Short-time work was key

Tourism in particular came to an almost complete standstill with just 12.3m overnight stays recorded last year, 64 per cent less than the more than 24m in 2019. Just how many companies were pushed over the brink by the crisis is as-yet unknown thanks to a temporary moratorium on insolvencies.

The labour market, however, has come under pressure. In the first lockdown, the number of unemployed rose significantly, but has stabilised since - albeit at a high level. On average, 192,600 Berliners were unemployed in 2020, 26.3 per cent more than in the previous year. The unemployment rate was 9.7 per cent (2019: 7.8 per cent).

Thanks to the short-time furlough programme, which allowed workers to keep their jobs despite working significantly fewer hours, employment remained relatively stable.
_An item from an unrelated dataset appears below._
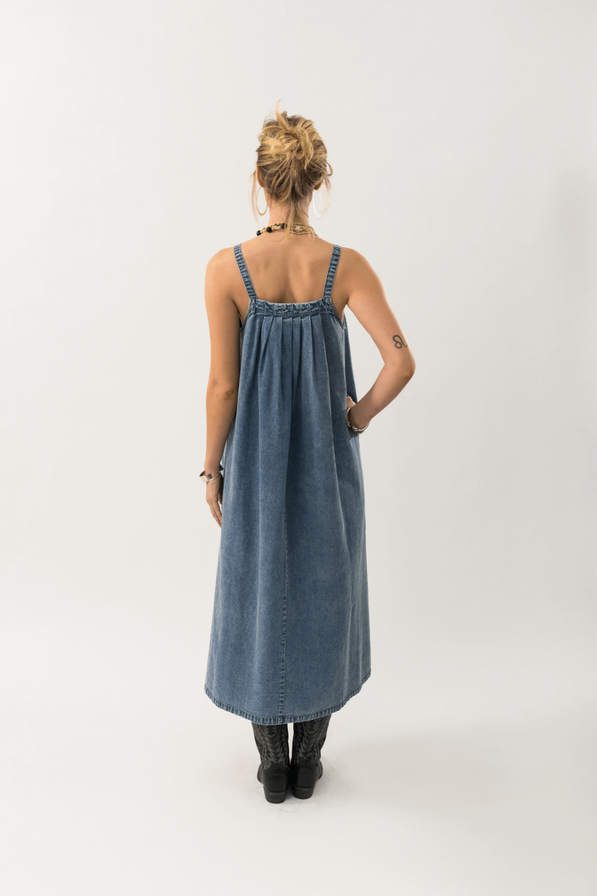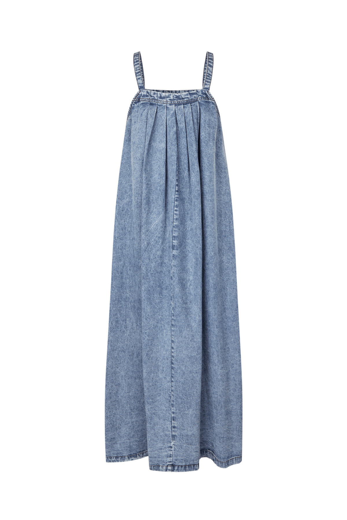 The Lungo Maxi Dress in washed denim by Lollys Laundry offers a soft, breathable cotton blend, loose fit, and pleated neckline. Pair the Lungo denim maxi with sandals for effortless summer days or layer with a knit cardigan and ankle boots during cooler months.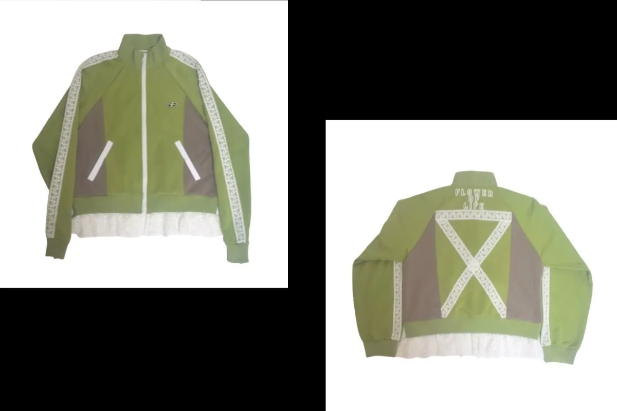 ↑ダンス熱が加速する昨今(Kリーグも開幕)にもリンクした「レコードワッペンジャージ」(レディース、メンズでデザインが異なる)。レディースは裾に花刺繍フリルが施されダンスするとフワッとたなびくのが魅力的。メンズはヨーロッパのアンダーグラウンドミュージックをイメージしたアシッドライクなテープが施されカルチュラルな仕様に。アクティブなカジュアルストリートスタイリングで着こなしたい。

Just under 2m were uemployed last year, just 8,000 workers (0.4 percent) less than in 2019. The figures helped Berlin weather the crisis with just a black eye.

Politicians see the economy growing strongly again this year by around three per cent, thanks in part to pre-corona growth.

Welcome to the powerhouse

"Berlin has developed very positively. We've been watching a catching-up process for just under a decade. Value creation in the city is now above the national average," said Henry Goecke, an economist at the business-friedndly Institute of the German Economy (IW).

Goecke and colleagues at the IW published a report in June assigning powerhouse status to the Hauptstadt. Last year, GDP per capital cresed €42,000, 5 per cent higher than the German average.

The figure means Berlin is finally on par with fellow powerhouses like Bavaria, Baden-Württemberg and Hesse. But he doesn't think the capital will become the country's powerhouse of powerhouses because of the country's decentralised economy.

"There are too many economically strong regions for that because of the federal structure and the history of the country," he said.